__Dataset__.
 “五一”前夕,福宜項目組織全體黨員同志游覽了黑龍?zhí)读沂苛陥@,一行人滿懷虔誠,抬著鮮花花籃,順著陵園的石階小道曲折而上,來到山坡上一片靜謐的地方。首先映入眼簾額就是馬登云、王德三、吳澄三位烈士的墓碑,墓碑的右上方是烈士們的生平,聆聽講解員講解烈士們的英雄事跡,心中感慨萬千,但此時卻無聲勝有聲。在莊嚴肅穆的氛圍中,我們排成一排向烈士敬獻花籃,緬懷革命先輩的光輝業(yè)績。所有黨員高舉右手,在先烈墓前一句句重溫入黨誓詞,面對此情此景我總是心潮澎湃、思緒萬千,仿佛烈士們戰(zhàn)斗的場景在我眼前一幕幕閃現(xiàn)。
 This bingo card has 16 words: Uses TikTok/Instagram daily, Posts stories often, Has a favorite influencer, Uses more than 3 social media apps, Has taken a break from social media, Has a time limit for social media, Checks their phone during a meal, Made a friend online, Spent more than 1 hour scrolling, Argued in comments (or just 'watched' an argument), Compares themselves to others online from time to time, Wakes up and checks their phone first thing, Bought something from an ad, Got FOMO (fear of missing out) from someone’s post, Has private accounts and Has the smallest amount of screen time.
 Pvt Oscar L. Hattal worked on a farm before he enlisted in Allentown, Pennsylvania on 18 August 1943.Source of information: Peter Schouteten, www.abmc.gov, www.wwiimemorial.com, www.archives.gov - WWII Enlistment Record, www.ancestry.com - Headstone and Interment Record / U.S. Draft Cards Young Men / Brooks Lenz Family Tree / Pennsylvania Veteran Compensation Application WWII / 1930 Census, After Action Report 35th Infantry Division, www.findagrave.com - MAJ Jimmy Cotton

...

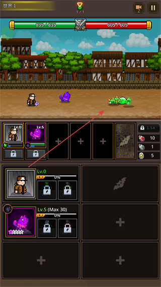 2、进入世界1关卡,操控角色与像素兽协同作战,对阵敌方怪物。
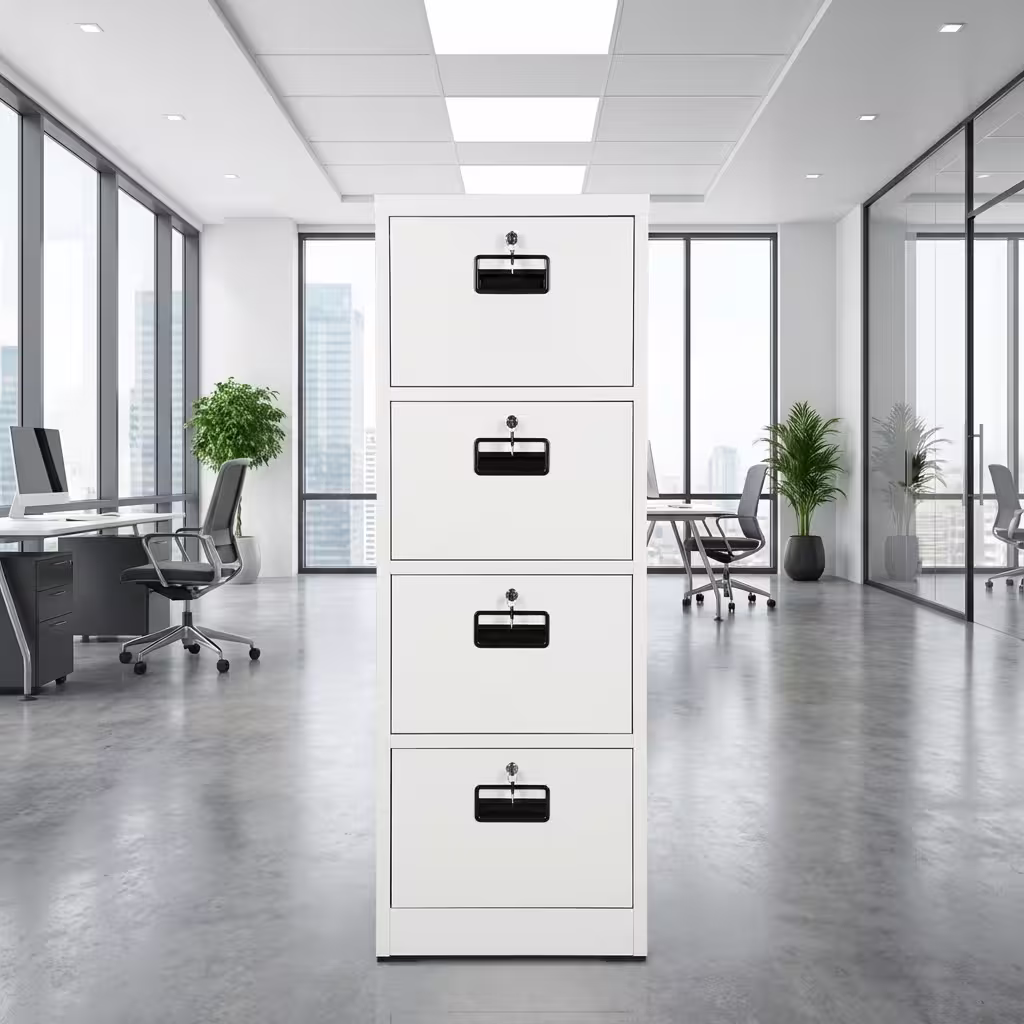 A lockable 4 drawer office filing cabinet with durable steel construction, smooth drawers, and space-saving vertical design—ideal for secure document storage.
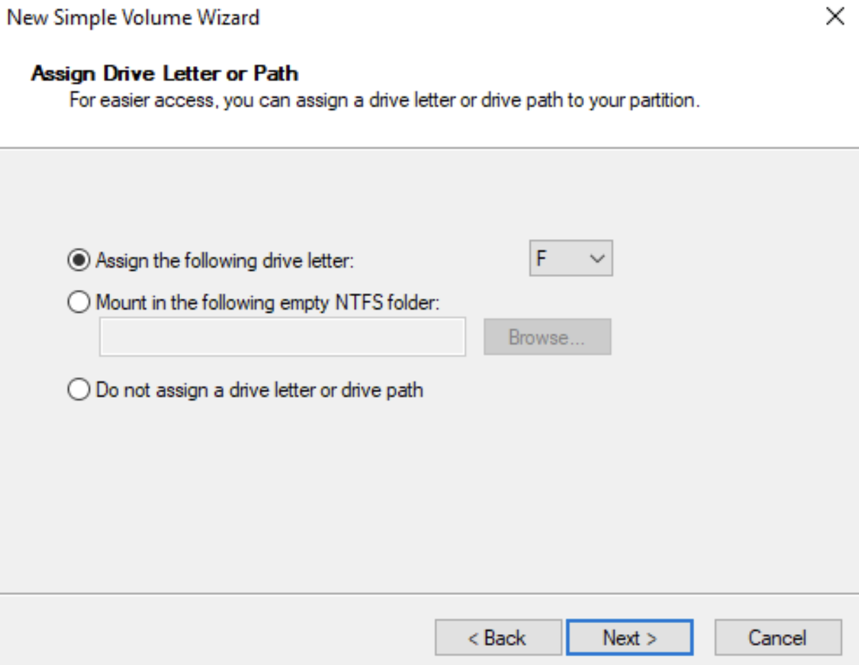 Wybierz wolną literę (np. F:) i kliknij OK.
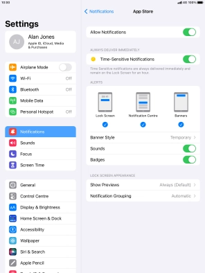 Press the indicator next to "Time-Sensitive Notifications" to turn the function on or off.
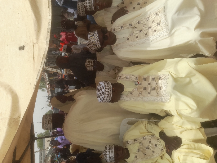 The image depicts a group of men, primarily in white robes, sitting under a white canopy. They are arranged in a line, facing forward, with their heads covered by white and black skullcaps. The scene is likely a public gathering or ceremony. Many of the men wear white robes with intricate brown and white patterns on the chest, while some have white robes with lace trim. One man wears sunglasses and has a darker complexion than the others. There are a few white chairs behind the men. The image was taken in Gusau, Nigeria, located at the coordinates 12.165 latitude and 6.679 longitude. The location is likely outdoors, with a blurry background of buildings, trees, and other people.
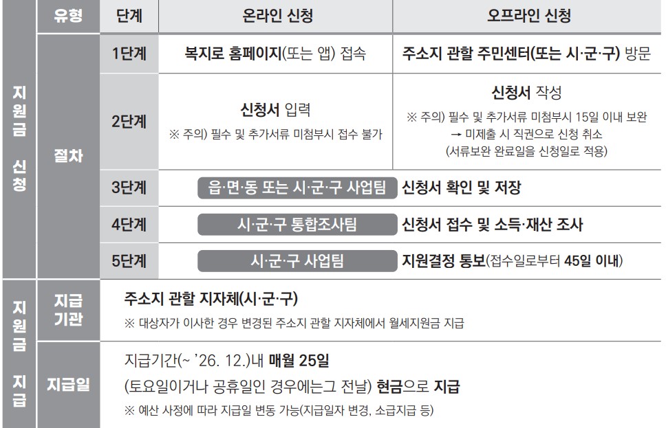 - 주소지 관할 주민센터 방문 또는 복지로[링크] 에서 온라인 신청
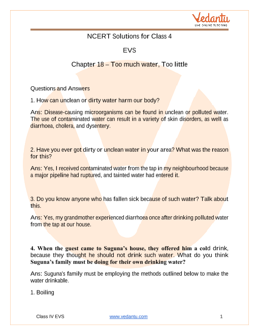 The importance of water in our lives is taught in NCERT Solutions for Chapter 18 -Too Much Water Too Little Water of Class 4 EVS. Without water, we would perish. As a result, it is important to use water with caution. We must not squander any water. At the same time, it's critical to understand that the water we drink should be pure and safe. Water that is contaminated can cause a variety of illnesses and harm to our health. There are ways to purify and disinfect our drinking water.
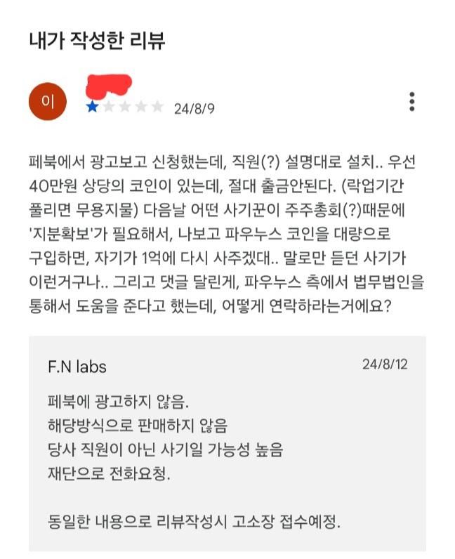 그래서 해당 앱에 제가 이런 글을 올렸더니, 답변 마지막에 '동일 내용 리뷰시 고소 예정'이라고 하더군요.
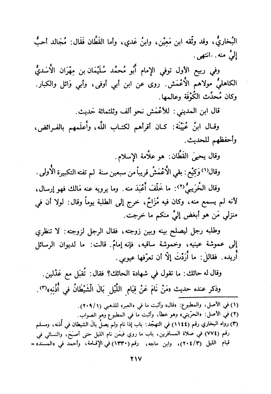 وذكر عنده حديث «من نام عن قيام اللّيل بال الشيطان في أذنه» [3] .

==

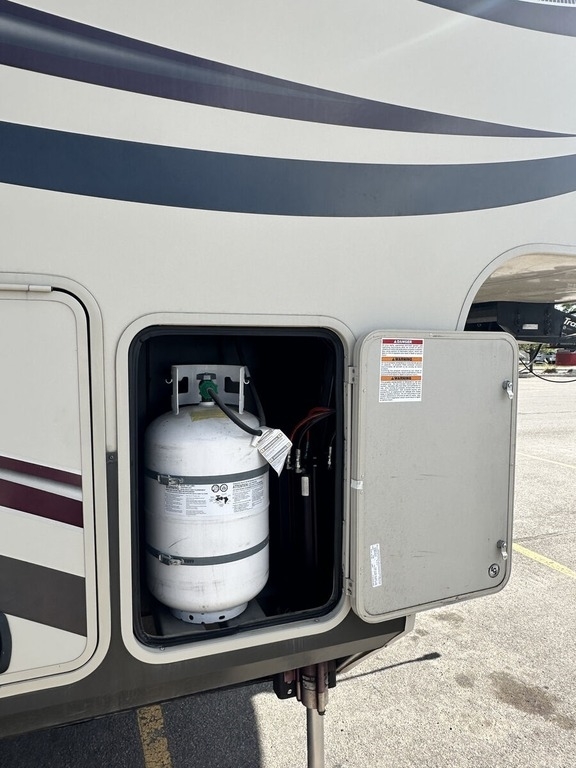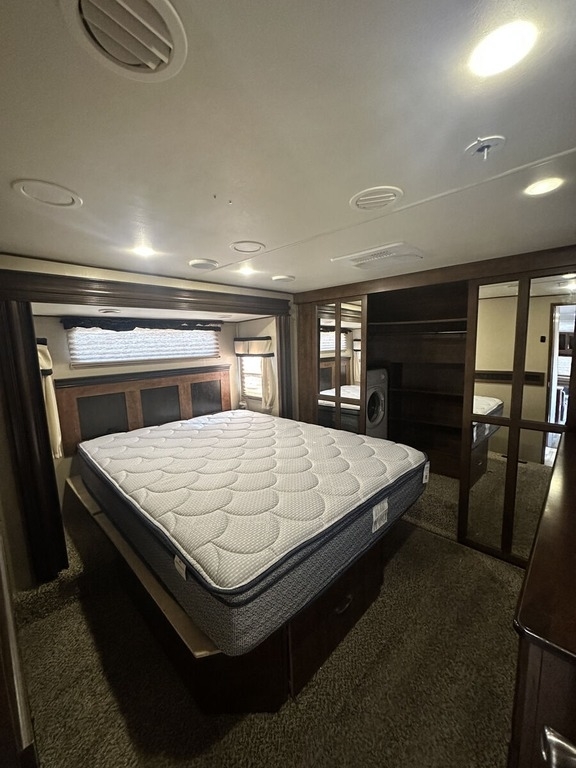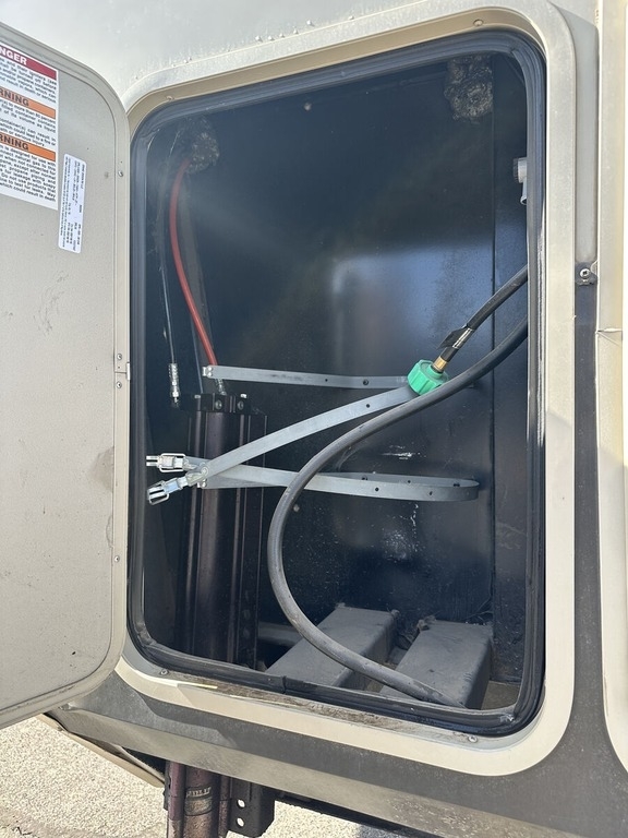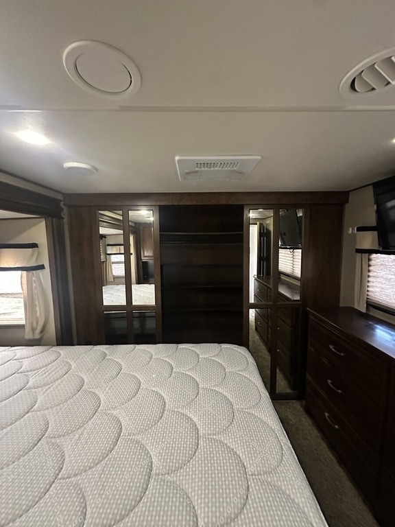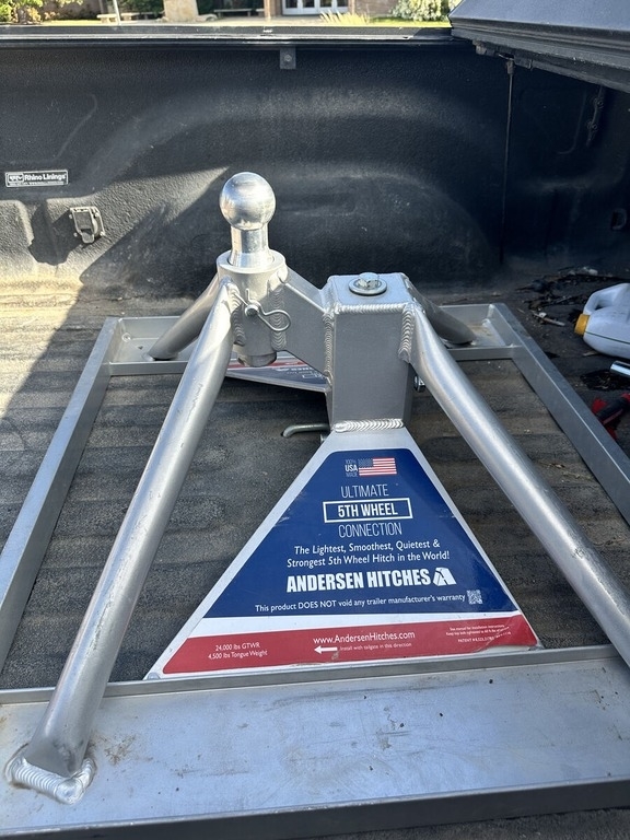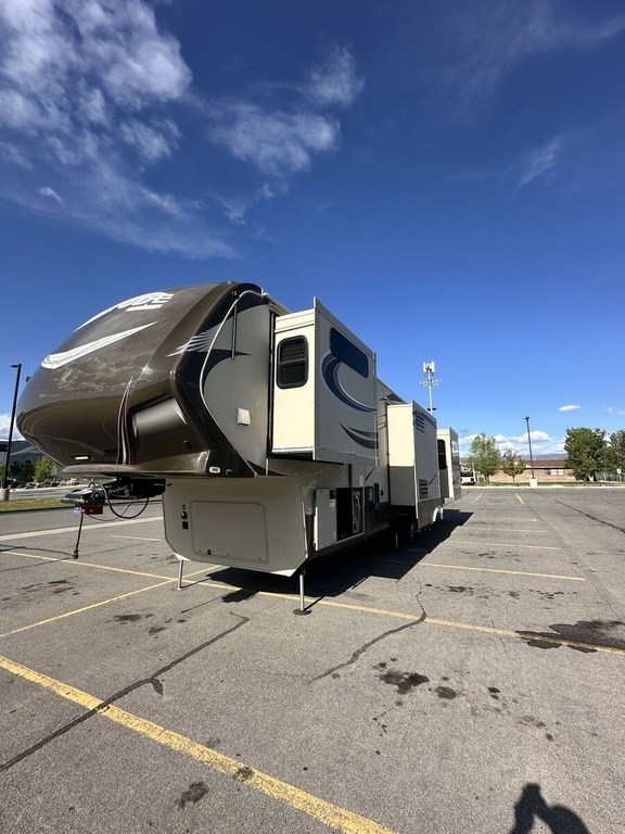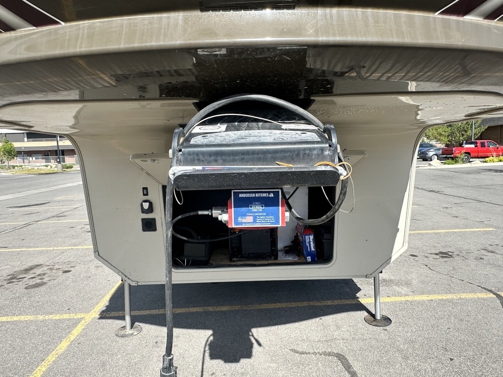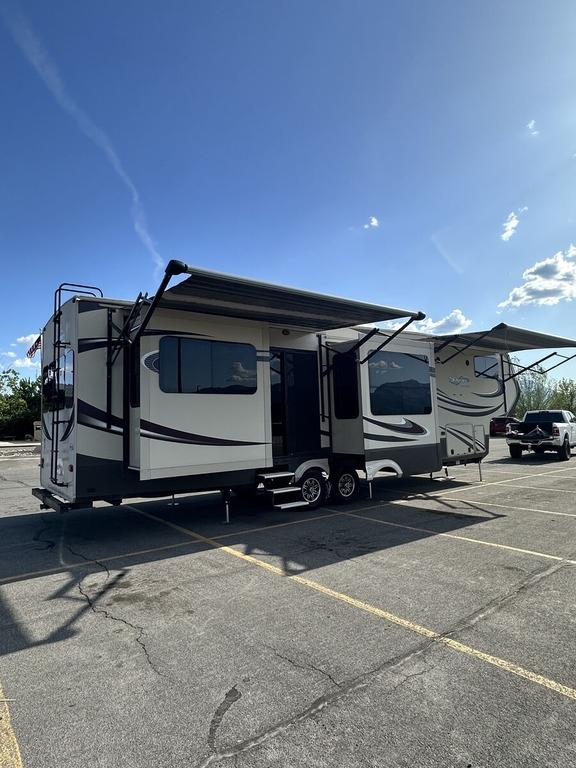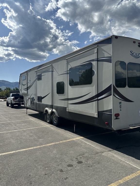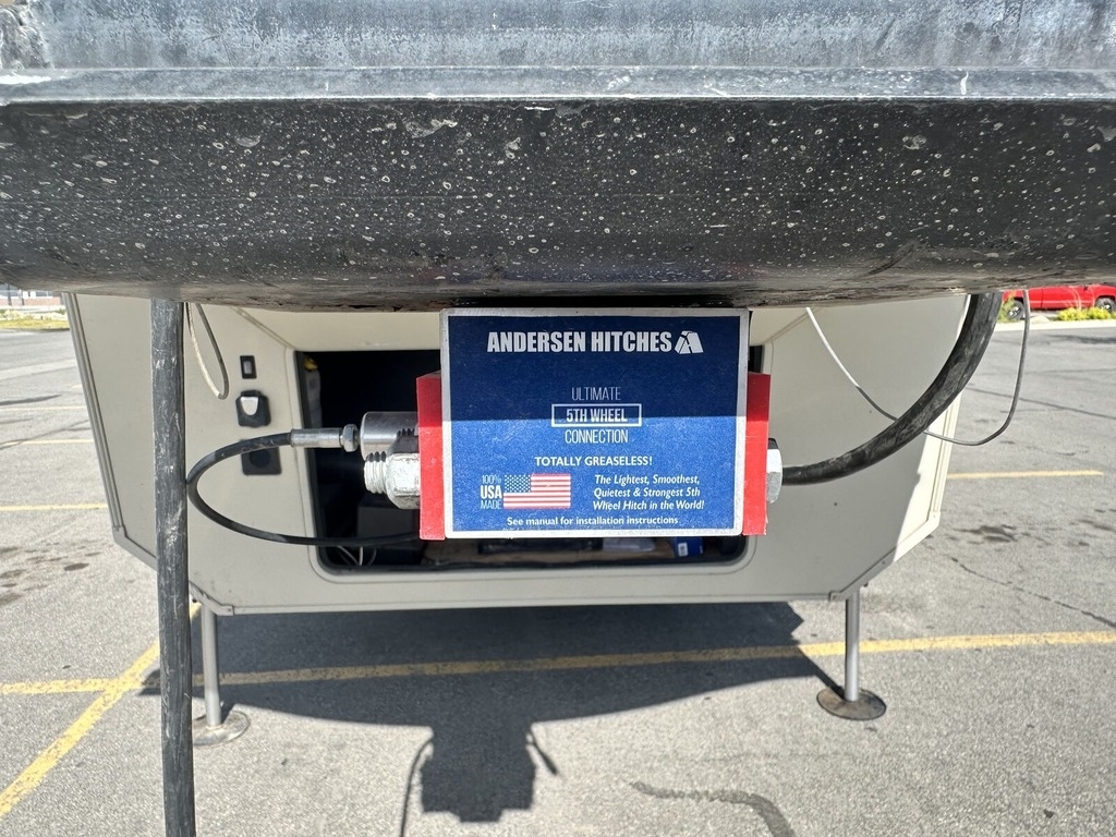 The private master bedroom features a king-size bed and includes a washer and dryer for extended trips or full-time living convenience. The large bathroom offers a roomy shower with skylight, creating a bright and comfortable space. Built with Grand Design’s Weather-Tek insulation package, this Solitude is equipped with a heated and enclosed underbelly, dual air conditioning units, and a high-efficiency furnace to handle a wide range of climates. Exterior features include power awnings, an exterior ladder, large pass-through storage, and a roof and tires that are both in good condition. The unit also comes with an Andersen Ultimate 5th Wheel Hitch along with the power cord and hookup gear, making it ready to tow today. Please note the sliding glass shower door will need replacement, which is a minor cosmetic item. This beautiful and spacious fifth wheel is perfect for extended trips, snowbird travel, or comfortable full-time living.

__Your task__. Between and including the line above that contains "- 주소지 관할 주민센터 방문 또는 복지로[링크] 에서 온라인 신청" and the line that contains "وذكر عنده حديث", restate every line word for word. Pictures stay out.

__Output of the task__.
 - 주소지 관할 주민센터 방문 또는 복지로[링크] 에서 온라인 신청
 The importance of water in our lives is taught in NCERT Solutions for Chapter 18 -Too Much Water Too Little Water of Class 4 EVS. Without water, we would perish. As a result, it is important to use water with caution. We must not squander any water. At the same time, it's critical to understand that the water we drink should be pure and safe. Water that is contaminated can cause a variety of illnesses and harm to our health. There are ways to purify and disinfect our drinking water.
 그래서 해당 앱에 제가 이런 글을 올렸더니, 답변 마지막에 '동일 내용 리뷰시 고소 예정'이라고 하더군요.
 وذكر عنده حديث «من نام عن قيام اللّيل بال الشيطان في أذنه» [3] .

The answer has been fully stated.